Given records: Begin
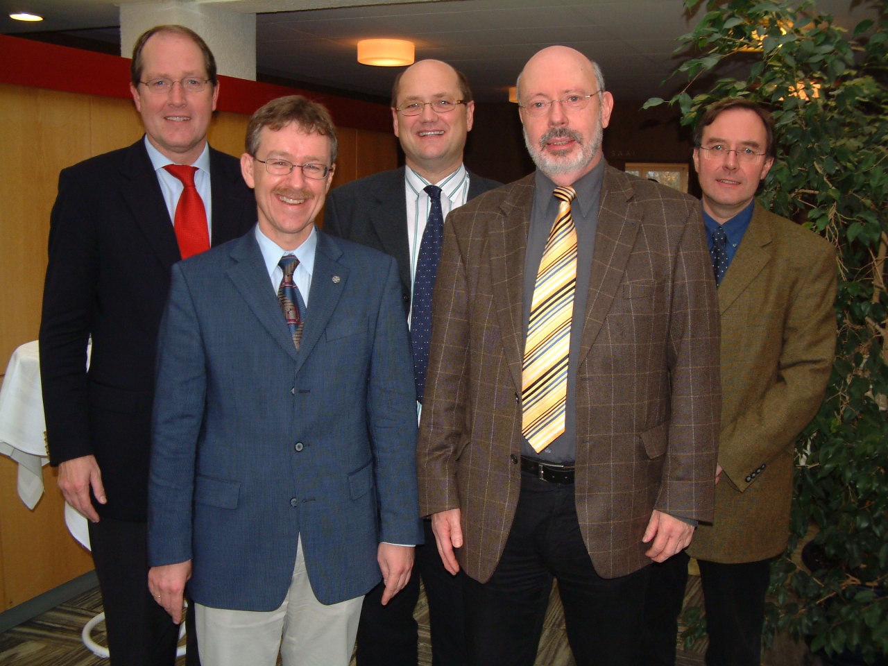 : Kirchenrat Andreas-Christian Tübler, Landessuperintendent Dr. Martin Dutzmann und Kirchenrat Dr. Arno Schilberg (hintere Reihe von links) konnten auf dem Tag der Kirchenvorstände Oberkirchenrat Prof. Dr. Klaus Grünwald von der VELKD und Pfarrer Jörg Schmidt vom Reformierten Bund (von links) begrüßen.
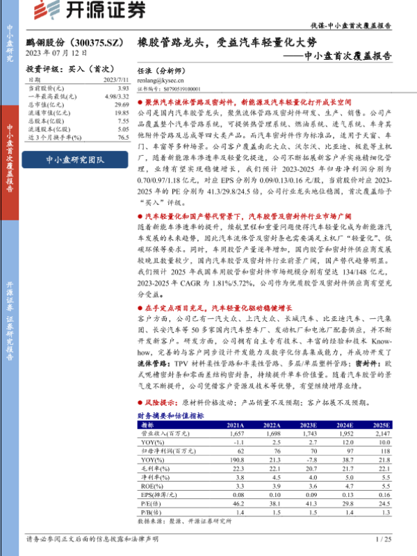 【开源证券】【20230712】20230712-开源证券-鹏翎股份-300375.SZ-中小盘首次覆盖报告:橡胶管路龙头,受益汽车轻量化大势-25页 行业研究
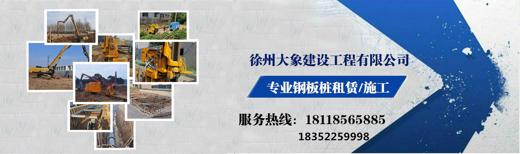 徐州大象建設工程有限公司是一家專業(yè)從事拉森鋼板樁施工及租賃、打樁機施工及租賃、靜壓植樁機施工租賃及設計施工方案、二手鋼板樁轉讓、鋼板樁工程、光伏樁施工、市政工程、水利圍堰工程、土石方工程、地基工程施工等服務為一體的企業(yè)。
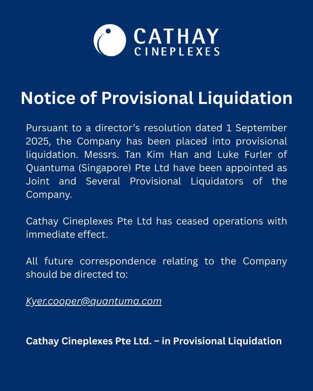 Cathay Cineplexes placed into provisional liquidation & ceases operations with immediate effect
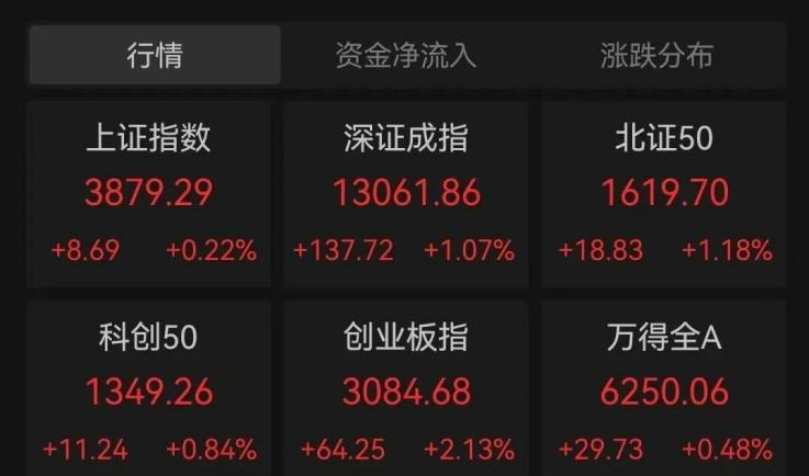 截至中午收盘,上证指数上涨0.22%,深证成指上涨1.07%,创业板指上涨2.13%,北证50指数上涨1.18%。
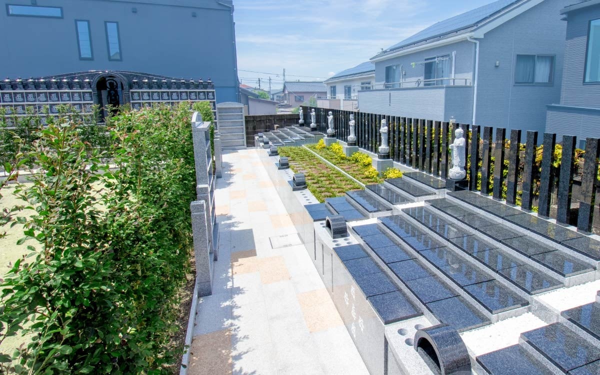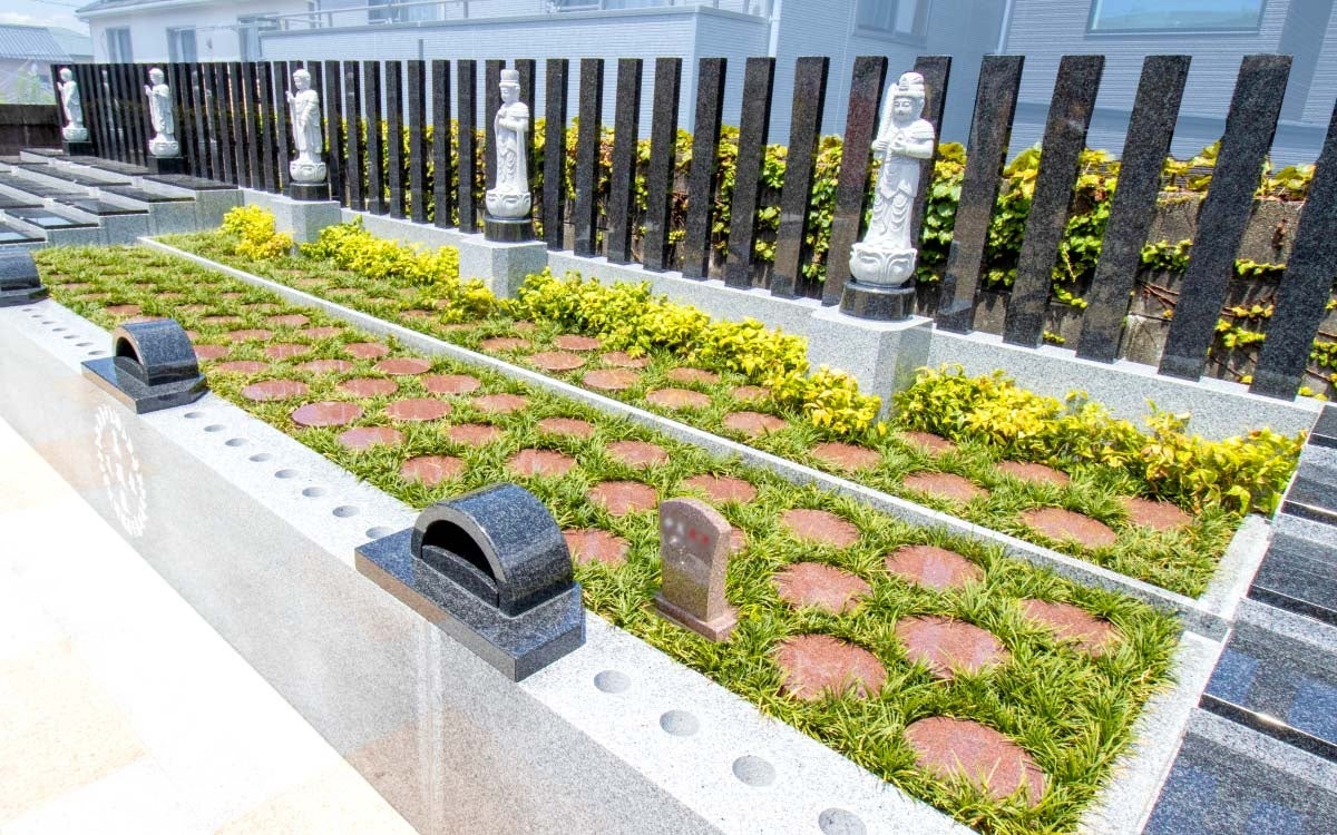 一般的な樹木葬と異なり、庭園風の明るく開放的なお墓です。墓標に樹木ではなく「石の墓誌」を使用しており、故人が眠る場所が分からなくなることがありません。
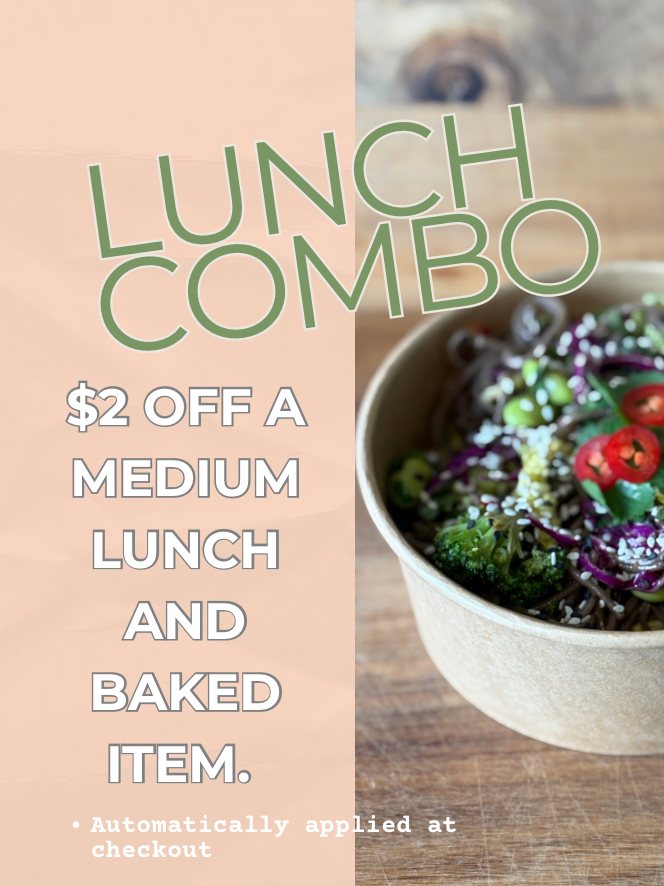 Lunch Combo. $2 off any medium lunch and baked good. Discount automatically applied at checkout.
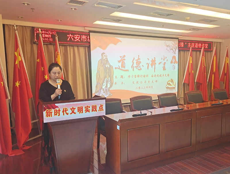 本期道德講堂以“學(xué)習(xí)雷鋒好榜樣 奮進趕超爭先鋒”為主題,活動圍繞唱歌曲、看短片、誦經(jīng)典、講故事、談感悟、做點評、送吉祥等七個環(huán)節(jié)展開。活動在齊唱歌曲《學(xué)習(xí)雷鋒好榜樣》中拉開序幕。在看短片環(huán)節(jié),與會人員共同觀看了《習(xí)近平講述的故事:雷鋒,永恒的精神坐標》;在誦經(jīng)典環(huán)節(jié),集團綜合管理部員工李立朗誦了《雷鋒同志經(jīng)典語錄》;在講故事環(huán)節(jié),邀請了金寨縣希望公益服務(wù)中心理事長、全國共青團十八大代表、“中國好人”、安徽省“五四”青年獎?wù)芦@得者、安徽省“最美奮斗者”、六安市“道德模范”周玉梅同志來到活動現(xiàn)場,并為大家講述了她“不忘初心,堅守公益助學(xué)16年”的故事;隨后來自城投集團結(jié)對幫扶村金寨縣豹跡巖村婦女主任舒貽鳳同志,為大家講述了紅色美麗鄉(xiāng)村豹跡巖村的故事;在談感悟環(huán)節(jié),多位同志積極發(fā)言暢談了自己的感想體會。
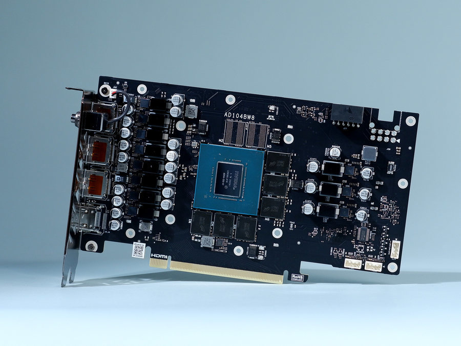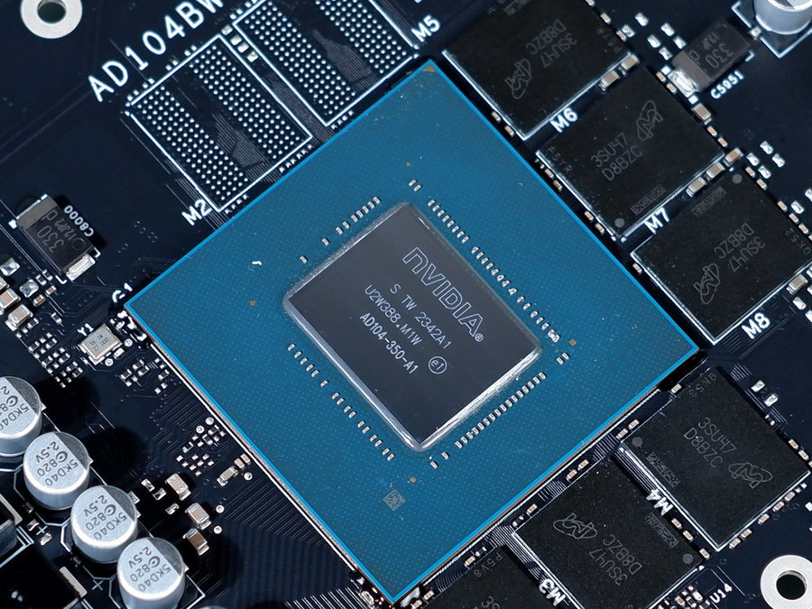 全新的AD104-350显示核心,芯片面积为294.5平方毫米,看上去尺寸比较小。
Given records: End
[Exercise details] What is needed is an exact printout of all the entries, without the pictures.

[Exercise response]
 : Kirchenrat Andreas-Christian Tübler, Landessuperintendent Dr. Martin Dutzmann und Kirchenrat Dr. Arno Schilberg (hintere Reihe von links) konnten auf dem Tag der Kirchenvorstände Oberkirchenrat Prof. Dr. Klaus Grünwald von der VELKD und Pfarrer Jörg Schmidt vom Reformierten Bund (von links) begrüßen.
 【开源证券】【20230712】20230712-开源证券-鹏翎股份-300375.SZ-中小盘首次覆盖报告:橡胶管路龙头,受益汽车轻量化大势-25页 行业研究
 徐州大象建設工程有限公司是一家專業(yè)從事拉森鋼板樁施工及租賃、打樁機施工及租賃、靜壓植樁機施工租賃及設計施工方案、二手鋼板樁轉讓、鋼板樁工程、光伏樁施工、市政工程、水利圍堰工程、土石方工程、地基工程施工等服務為一體的企業(yè)。
 Cathay Cineplexes placed into provisional liquidation & ceases operations with immediate effect
 截至中午收盘,上证指数上涨0.22%,深证成指上涨1.07%,创业板指上涨2.13%,北证50指数上涨1.18%。
 一般的な樹木葬と異なり、庭園風の明るく開放的なお墓です。墓標に樹木ではなく「石の墓誌」を使用しており、故人が眠る場所が分からなくなることがありません。
 Lunch Combo. $2 off any medium lunch and baked good. Discount automatically applied at checkout.
 本期道德講堂以“學(xué)習(xí)雷鋒好榜樣 奮進趕超爭先鋒”為主題,活動圍繞唱歌曲、看短片、誦經(jīng)典、講故事、談感悟、做點評、送吉祥等七個環(huán)節(jié)展開。活動在齊唱歌曲《學(xué)習(xí)雷鋒好榜樣》中拉開序幕。在看短片環(huán)節(jié),與會人員共同觀看了《習(xí)近平講述的故事:雷鋒,永恒的精神坐標》;在誦經(jīng)典環(huán)節(jié),集團綜合管理部員工李立朗誦了《雷鋒同志經(jīng)典語錄》;在講故事環(huán)節(jié),邀請了金寨縣希望公益服務(wù)中心理事長、全國共青團十八大代表、“中國好人”、安徽省“五四”青年獎?wù)芦@得者、安徽省“最美奮斗者”、六安市“道德模范”周玉梅同志來到活動現(xiàn)場,并為大家講述了她“不忘初心,堅守公益助學(xué)16年”的故事;隨后來自城投集團結(jié)對幫扶村金寨縣豹跡巖村婦女主任舒貽鳳同志,為大家講述了紅色美麗鄉(xiāng)村豹跡巖村的故事;在談感悟環(huán)節(jié),多位同志積極發(fā)言暢談了自己的感想體會。
 全新的AD104-350显示核心,芯片面积为294.5平方毫米,看上去尺寸比较小。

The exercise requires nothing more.